Deliveroo raises profit expectations despite declining order numbers
- Deliveroo’s total orders fell by around 9 million to 290.2 million in 2023
- Yet the group’s gross transaction value (GTV) rose 3% to £7.06 billion
- In the final three months of last year, the company’s GTV rose 4% to £1.86 billion
Deliveroo expects full-year profit to exceed the upper end of expectations, after modest growth in the fourth quarter and despite a decline in order volumes.
The food delivery group expects adjusted profit before nasties to be ‘slightly above’ its 2023 guidance range of £60m to £80m.
Deliveroo raised its profit forecast in August from a previous forecast of £20 million to £50 million, thanks to rising advertising revenues that offset a decline in order volumes in the first half of the year.
Profit outlook: Food delivery group expects adjusted pre-nasties profit to be ‘slightly above’ 2023 guidance range of £60m to £80m
Deliveroo’s total orders fell by around 9 million to 290.2 million in 2023 as cost-of-living pressures put more consumers off takeaways.
Still, gross transaction value (GTV) – the total value of orders processed on the platform – rose 3 percent at constant exchange rates to £7.06 billion, which was in line with expectations.

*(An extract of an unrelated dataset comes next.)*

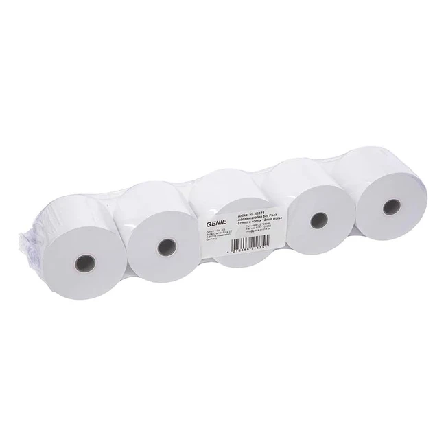 -7%Genie Ersatzpapierrollen fr Kassen und Druckende Tischrechner. Passend fr verschiedene Marken. Standardisierte Abmessungen. 100% holzfrei. Packung mit 5 Rollen.

In the final three months of the year, the company’s GTV rose 4 percent to £1.86 billion, thanks to a return to international growth and strong trade across the British Isles.
At the same time, sales rose by £2 million to £523 million, with rising revenues in Britain and Ireland offsetting lower international sales.
Deliveroo attributed the modest gain to investments in consumer benefits and a shift in spending towards promotional marketing activities.
Will Shu, co-founder and CEO of Deliveroo, said he was “very proud of the team’s performance in the fourth quarter, including the launch of our retail offering.”
The London-listed company recently launched a ‘shopping’ section where customers can purchase products such as healthcare, flowers, DIY and electronics.
Shu added: “As we saw continued signs of stabilization in consumer behavior this quarter, we continued to invest in the consumer value proposition to lay the foundation for future growth.”
Deliveroo shares were 2.3 per cent lower at 131.7p on Friday afternoon, meaning they have lost around two-thirds of their value since the company’s disastrous listing in March 2021.
Since its inception, the group has struggled to turn a profit due to rising marketing, technology and staff costs as it tried to compete with rival delivery apps such as Just Eat and Uber Eats.
This is despite orders skyrocketing, especially during the early part of the Covid-19 pandemic lockdowns.
Early last year, Deliveroo said it would cut around 350 jobs after orders slowed due to a lack of lockdown restrictions and worsening inflationary pressures.
Following a decline in the company’s half-year losses, Deliveroo returned £250m to shareholders in a premium offer.